*** Opening of MATERIAL TO PROCESS ***

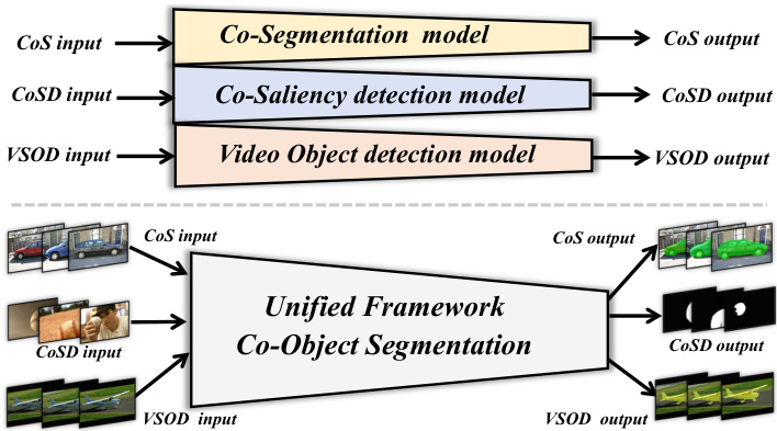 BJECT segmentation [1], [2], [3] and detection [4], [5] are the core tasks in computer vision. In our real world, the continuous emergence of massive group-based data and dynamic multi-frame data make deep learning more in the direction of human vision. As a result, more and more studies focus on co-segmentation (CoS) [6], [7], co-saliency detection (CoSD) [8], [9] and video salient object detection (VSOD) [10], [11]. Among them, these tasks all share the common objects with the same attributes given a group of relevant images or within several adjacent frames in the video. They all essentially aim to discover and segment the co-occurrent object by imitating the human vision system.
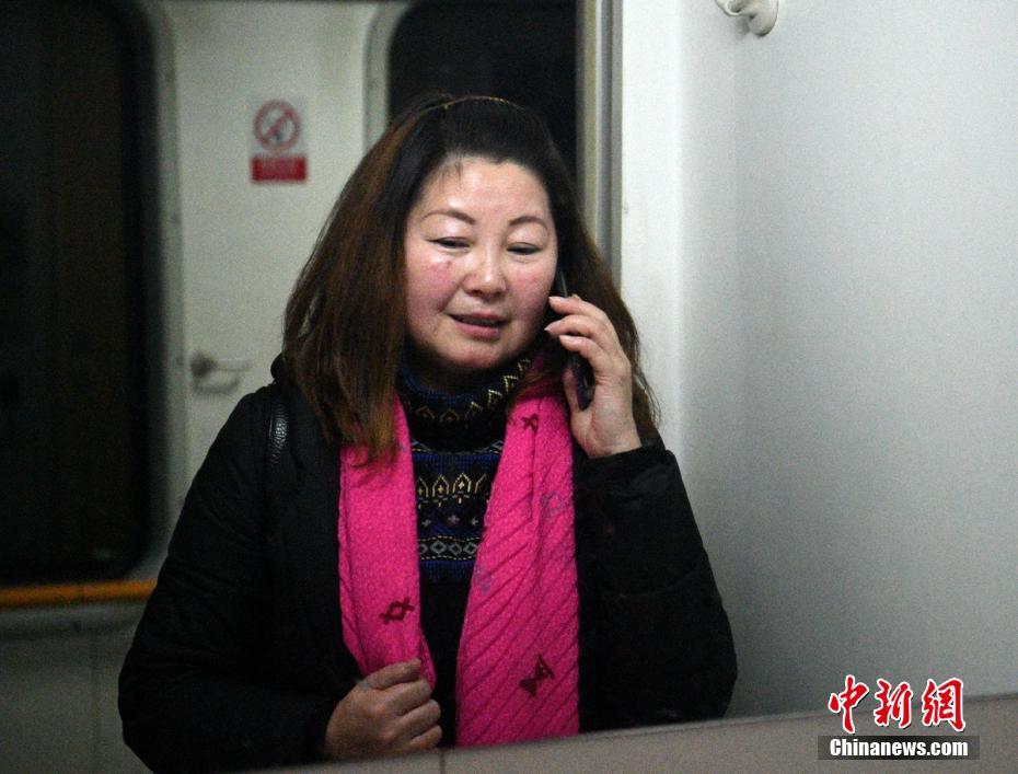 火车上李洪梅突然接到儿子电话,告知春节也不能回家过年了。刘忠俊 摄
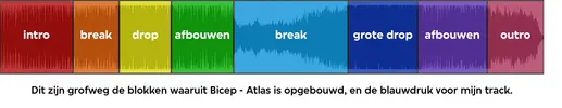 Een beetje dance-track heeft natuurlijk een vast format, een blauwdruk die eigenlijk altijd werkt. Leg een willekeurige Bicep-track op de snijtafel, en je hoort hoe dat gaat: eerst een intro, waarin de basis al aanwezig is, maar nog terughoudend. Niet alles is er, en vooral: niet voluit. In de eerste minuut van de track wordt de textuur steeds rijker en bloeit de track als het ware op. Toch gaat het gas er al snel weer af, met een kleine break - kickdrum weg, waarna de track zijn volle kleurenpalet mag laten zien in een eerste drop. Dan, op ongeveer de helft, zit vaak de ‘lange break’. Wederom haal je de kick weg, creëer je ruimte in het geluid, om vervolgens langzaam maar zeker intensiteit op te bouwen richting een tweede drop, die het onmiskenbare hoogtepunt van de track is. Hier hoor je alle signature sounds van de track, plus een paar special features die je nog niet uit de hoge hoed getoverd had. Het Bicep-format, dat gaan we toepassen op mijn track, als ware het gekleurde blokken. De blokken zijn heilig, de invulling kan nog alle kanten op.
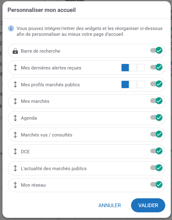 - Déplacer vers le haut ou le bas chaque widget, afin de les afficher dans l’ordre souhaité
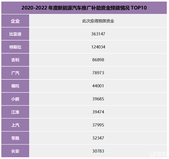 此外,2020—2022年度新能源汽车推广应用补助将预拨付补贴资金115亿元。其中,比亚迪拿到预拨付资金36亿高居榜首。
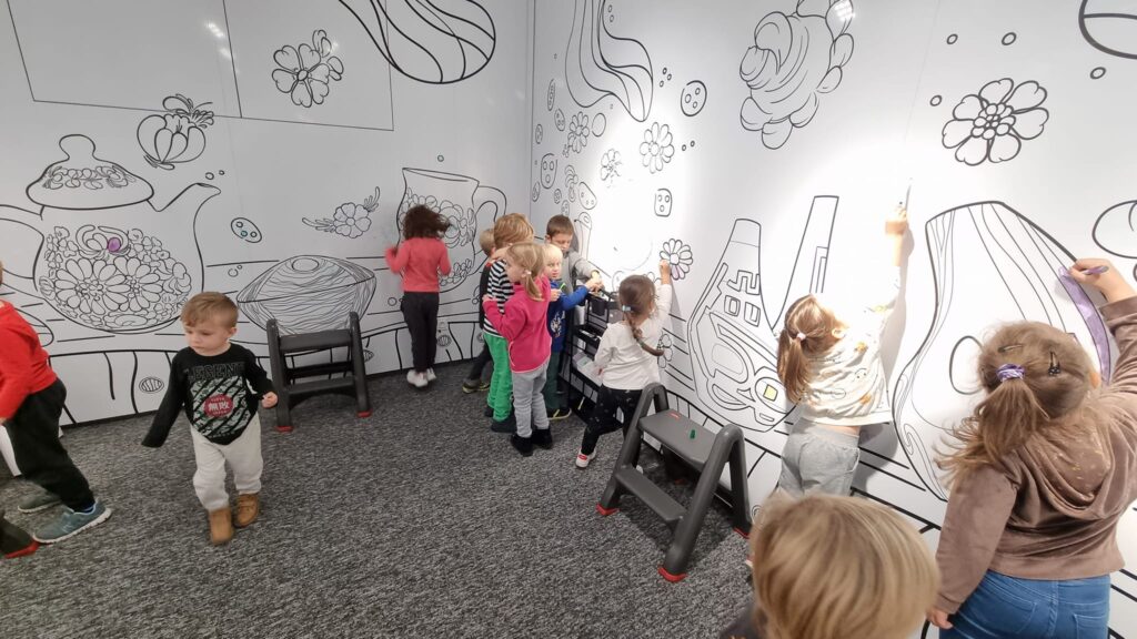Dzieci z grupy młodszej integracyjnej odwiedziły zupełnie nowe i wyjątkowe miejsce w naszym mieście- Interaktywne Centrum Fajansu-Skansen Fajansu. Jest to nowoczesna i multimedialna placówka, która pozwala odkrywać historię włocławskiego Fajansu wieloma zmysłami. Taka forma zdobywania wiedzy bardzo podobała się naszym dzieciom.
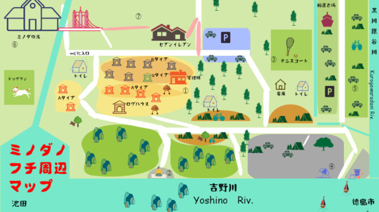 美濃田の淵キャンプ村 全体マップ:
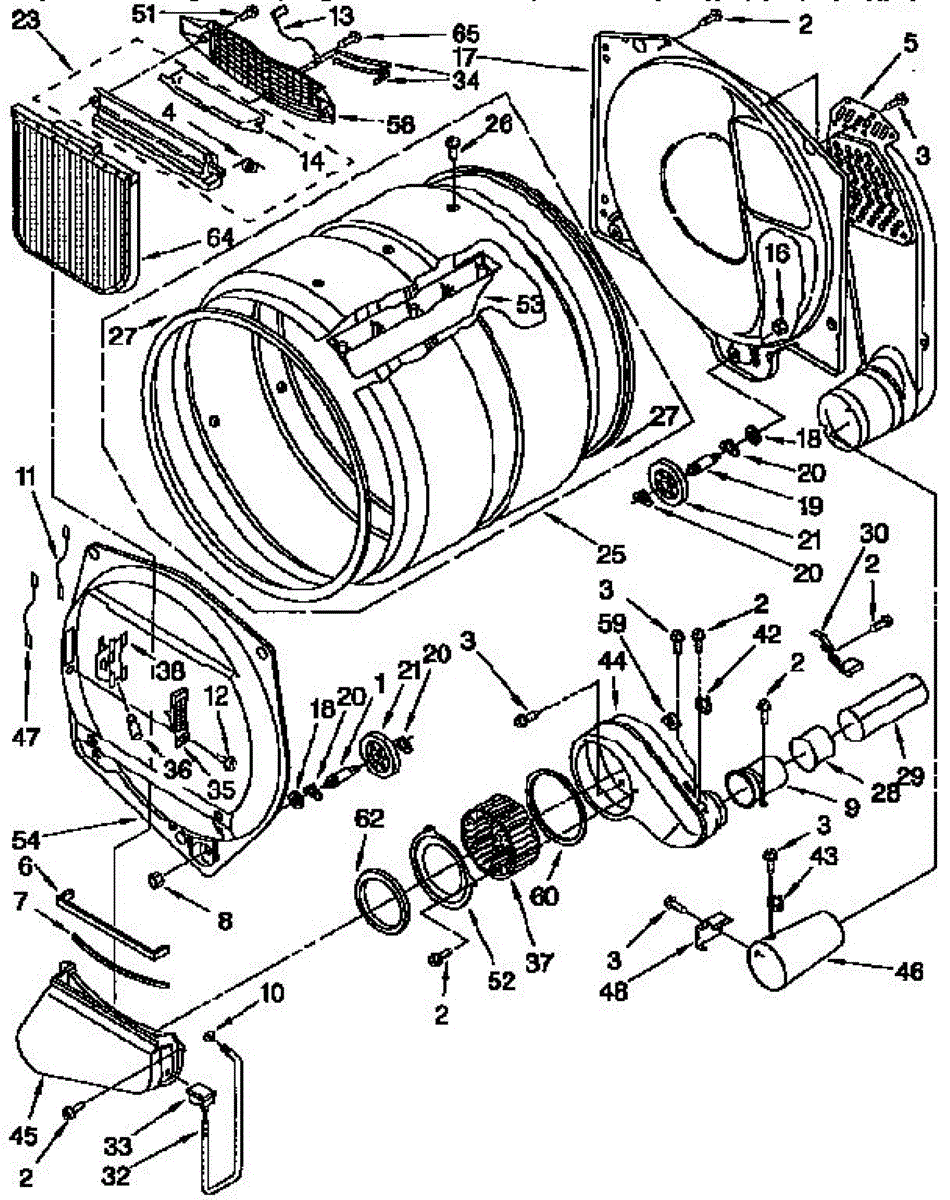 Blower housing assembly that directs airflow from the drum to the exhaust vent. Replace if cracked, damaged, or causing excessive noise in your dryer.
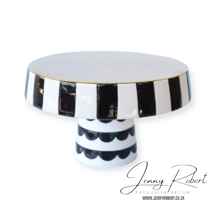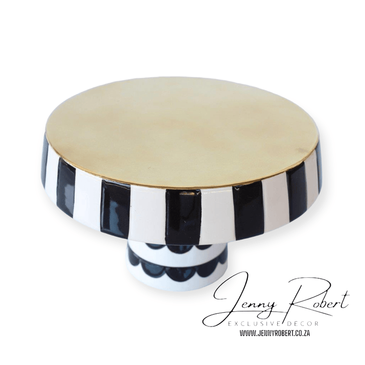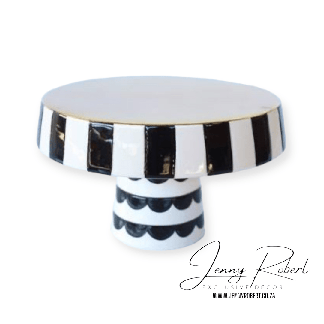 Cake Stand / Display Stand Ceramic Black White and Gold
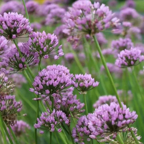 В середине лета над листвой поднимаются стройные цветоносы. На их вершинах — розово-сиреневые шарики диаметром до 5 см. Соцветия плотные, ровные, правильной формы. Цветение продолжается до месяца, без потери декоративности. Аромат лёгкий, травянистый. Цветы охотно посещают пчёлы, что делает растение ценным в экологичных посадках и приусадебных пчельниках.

*** Close of MATERIAL TO PROCESS ***
*** Opening of MATERIAL TO PROCESS ***

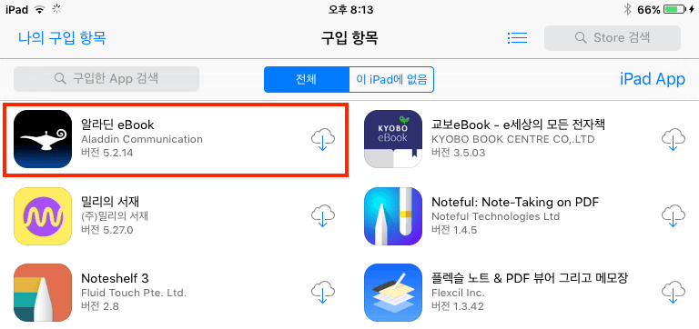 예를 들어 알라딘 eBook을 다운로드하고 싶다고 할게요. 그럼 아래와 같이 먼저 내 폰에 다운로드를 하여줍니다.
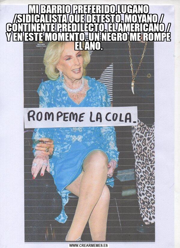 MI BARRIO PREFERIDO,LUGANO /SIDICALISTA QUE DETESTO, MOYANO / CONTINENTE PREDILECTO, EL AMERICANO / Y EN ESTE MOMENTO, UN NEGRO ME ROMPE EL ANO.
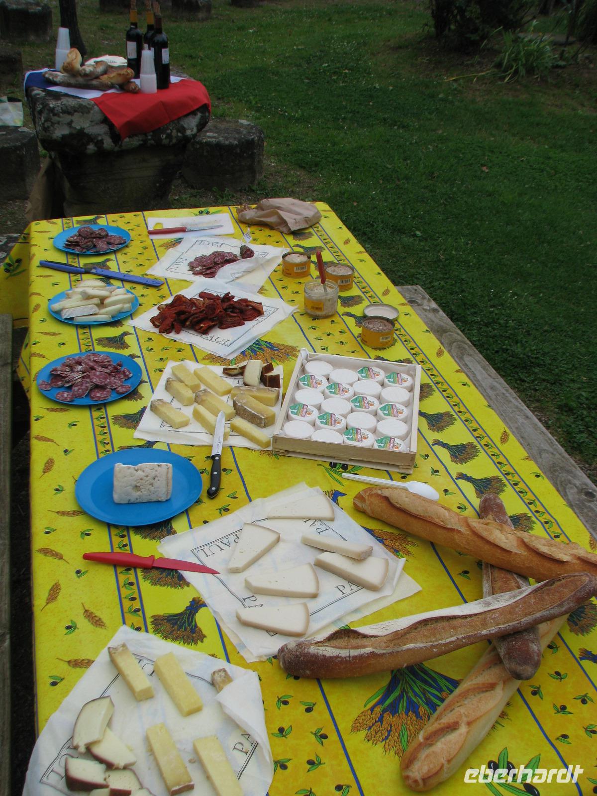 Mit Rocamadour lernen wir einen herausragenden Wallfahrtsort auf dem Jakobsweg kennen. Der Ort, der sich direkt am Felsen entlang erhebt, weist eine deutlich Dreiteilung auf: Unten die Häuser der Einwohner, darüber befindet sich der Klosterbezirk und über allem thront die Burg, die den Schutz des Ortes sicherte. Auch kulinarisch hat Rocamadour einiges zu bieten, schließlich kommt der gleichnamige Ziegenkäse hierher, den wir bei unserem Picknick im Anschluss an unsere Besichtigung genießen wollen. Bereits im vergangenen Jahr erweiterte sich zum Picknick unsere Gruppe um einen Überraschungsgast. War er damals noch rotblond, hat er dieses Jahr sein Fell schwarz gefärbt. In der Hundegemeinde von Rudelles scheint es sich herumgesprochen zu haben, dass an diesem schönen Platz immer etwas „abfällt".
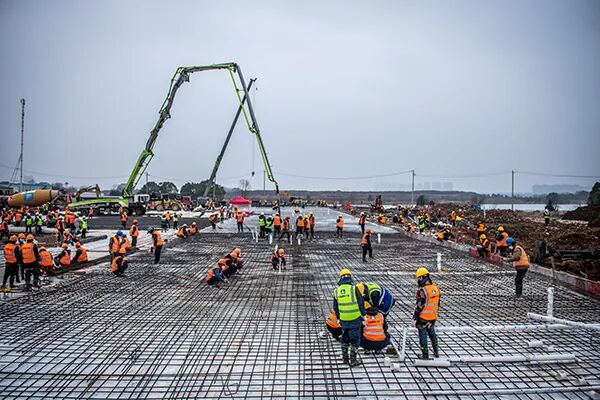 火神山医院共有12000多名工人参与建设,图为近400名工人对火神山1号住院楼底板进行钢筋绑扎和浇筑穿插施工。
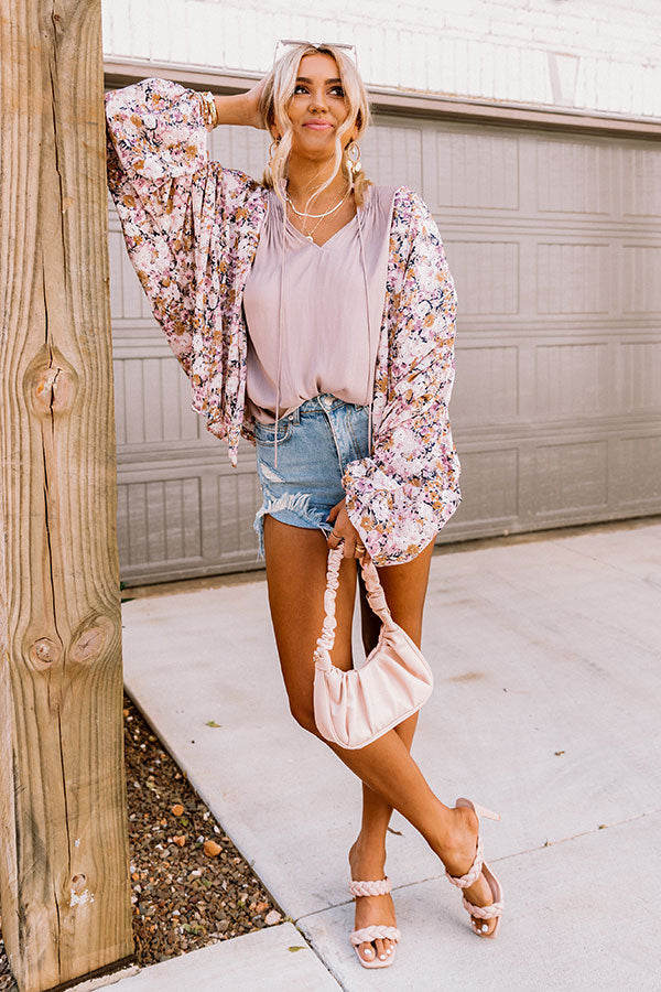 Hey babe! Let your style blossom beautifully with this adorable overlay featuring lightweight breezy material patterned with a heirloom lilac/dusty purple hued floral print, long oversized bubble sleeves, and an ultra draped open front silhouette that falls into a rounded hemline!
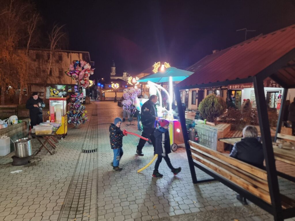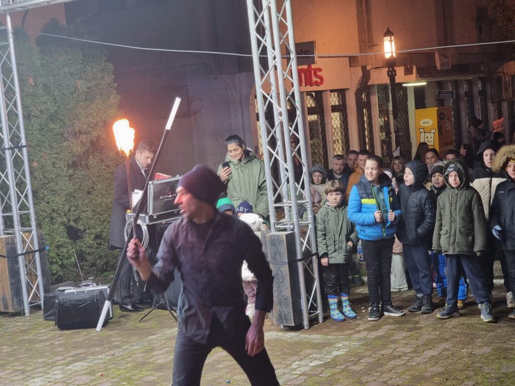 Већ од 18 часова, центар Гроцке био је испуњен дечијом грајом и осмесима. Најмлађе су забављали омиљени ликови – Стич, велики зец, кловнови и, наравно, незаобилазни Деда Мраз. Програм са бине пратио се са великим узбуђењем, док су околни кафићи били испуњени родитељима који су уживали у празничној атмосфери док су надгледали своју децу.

*** Close of MATERIAL TO PROCESS ***
*** Opening of MATERIAL TO PROCESS ***

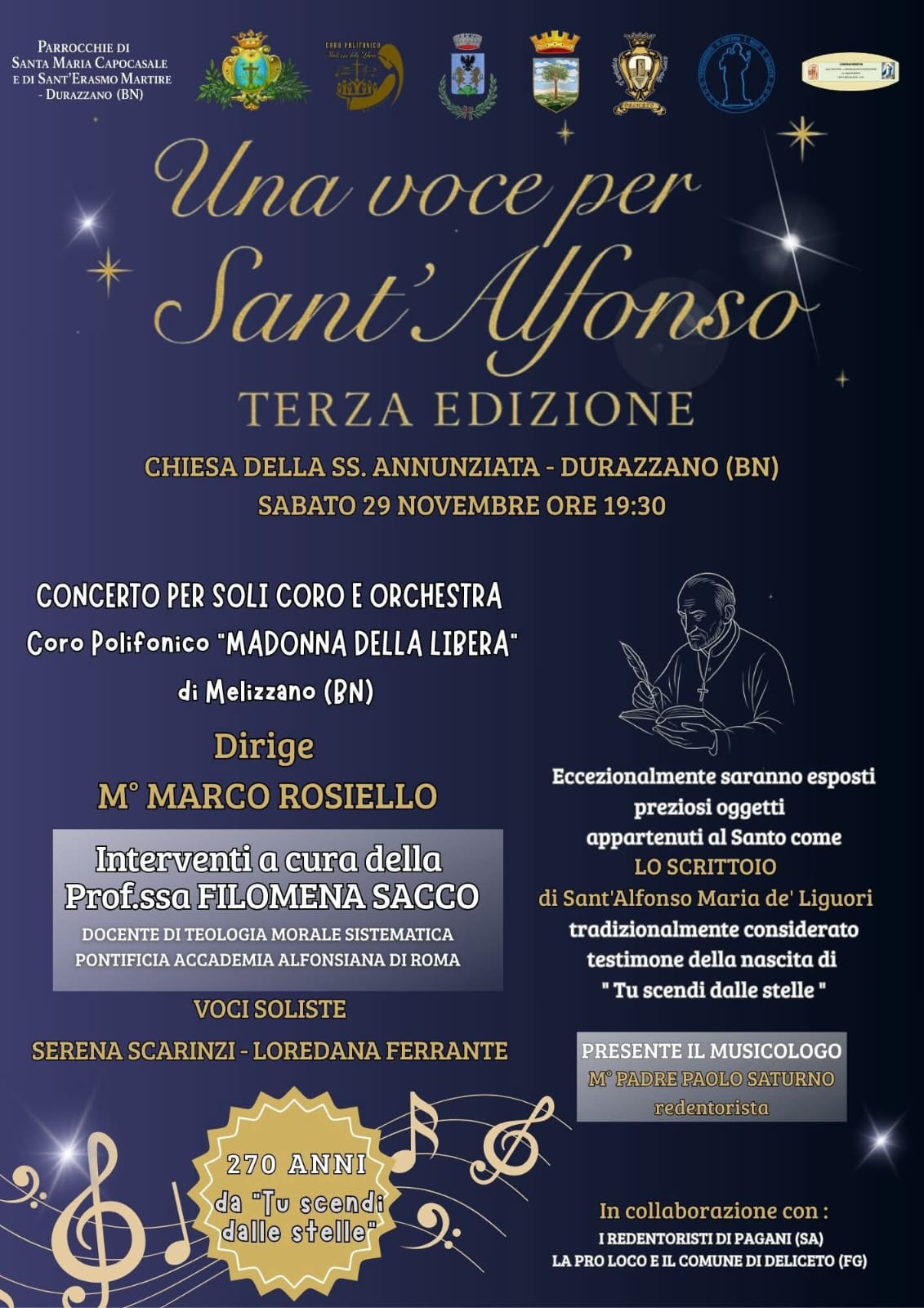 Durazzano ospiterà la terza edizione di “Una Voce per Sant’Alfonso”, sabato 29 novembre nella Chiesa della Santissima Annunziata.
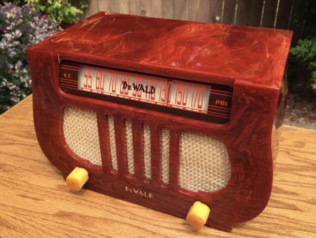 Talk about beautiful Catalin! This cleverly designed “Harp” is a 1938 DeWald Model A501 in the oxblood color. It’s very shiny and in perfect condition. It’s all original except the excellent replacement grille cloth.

*** Close of MATERIAL TO PROCESS ***

_EXERCISE_
Please return the data above exactly as it stands from the line with "BJECT segmentation [1], [2], [3]" to the line with "火车上李洪梅突然接到儿子电话,告知春节也不能回家过年了。刘忠俊 摄", keeping both of those lines but none of the pictures.

_OUTPUT FOR THIS TASK_
 BJECT segmentation [1], [2], [3] and detection [4], [5] are the core tasks in computer vision. In our real world, the continuous emergence of massive group-based data and dynamic multi-frame data make deep learning more in the direction of human vision. As a result, more and more studies focus on co-segmentation (CoS) [6], [7], co-saliency detection (CoSD) [8], [9] and video salient object detection (VSOD) [10], [11]. Among them, these tasks all share the common objects with the same attributes given a group of relevant images or within several adjacent frames in the video. They all essentially aim to discover and segment the co-occurrent object by imitating the human vision system.
 火车上李洪梅突然接到儿子电话,告知春节也不能回家过年了。刘忠俊 摄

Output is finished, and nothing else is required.